L'idée s'est diffusée à une vitesse remarquable. La Communauté économique européenne a rendu la TVA obligatoire pour ses États membres en 1967, et l'impôt a ensuite voyagé bien au-delà de l'Europe : aujourd'hui, plus de 170 pays appliquent une TVA ou sa proche cousine, la taxe sur les produits et services (GST). Le grand absent reste les États-Unis, qui s'appuient sur des taxes de vente au détail prélevées au niveau des États et des collectivités locales, un système où l'impôt n'est collecté qu'une seule fois, lors de la vente finale. Les taux varient énormément à travers le monde, de 5 % aux Émirats arabes unis à 27 % en Hongrie, le taux normal le plus élevé au monde, et la TVA représente désormais environ un cinquième de l'ensemble des recettes fiscales collectées sur la planète.
La TVA suscite aussi certains des débats les plus étranges du droit fiscal, car il faut bien tracer quelque part la frontière entre produits essentiels à taux réduit et produits de luxe à taux normal.

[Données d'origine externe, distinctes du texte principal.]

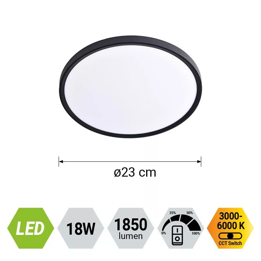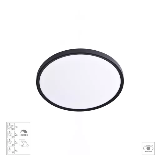 23cm átmérőjű, extra vékony, fekete-fehér színű műanyag mennyezeti lámpa beépített LED fényforrással. A lámpatesten lévő kapcsoló segítségével beállítható a LED színhőmérséklete 3000-6000K-ig 3 lépcsőben (meleg, természetes vagy hideg fehér). A lámpa fényereje fali kapcsoló fel/le kapcsolásával 3 lépcsőben szabályozható.
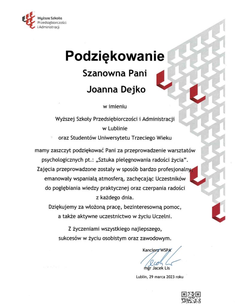Podziękowania Sztuka pielęgnowania radości życia

Le Royaume-Uni a plaidé dans une affaire célèbre pour déterminer si un Jaffa Cake est un gâteau (taux zéro) ou un biscuit enrobé de chocolat (taux normal) ; le tribunal a tranché en faveur du gâteau, notamment parce qu'il durcit en rassissant, comme les gâteaux, au lieu de ramollir, comme les biscuits. L'Irlande a dû décider un jour si le pain de Subway contenait trop de sucre pour être légalement considéré comme du pain (c'était le cas). Et dans plusieurs pays, les sièges auto pour enfants, la crème solaire et même les bonshommes en pain d'épices sont taxés différemment selon d'infimes détails ; pour le pain d'épices, historiquement, selon la quantité de décoration en chocolat que porte la figurine.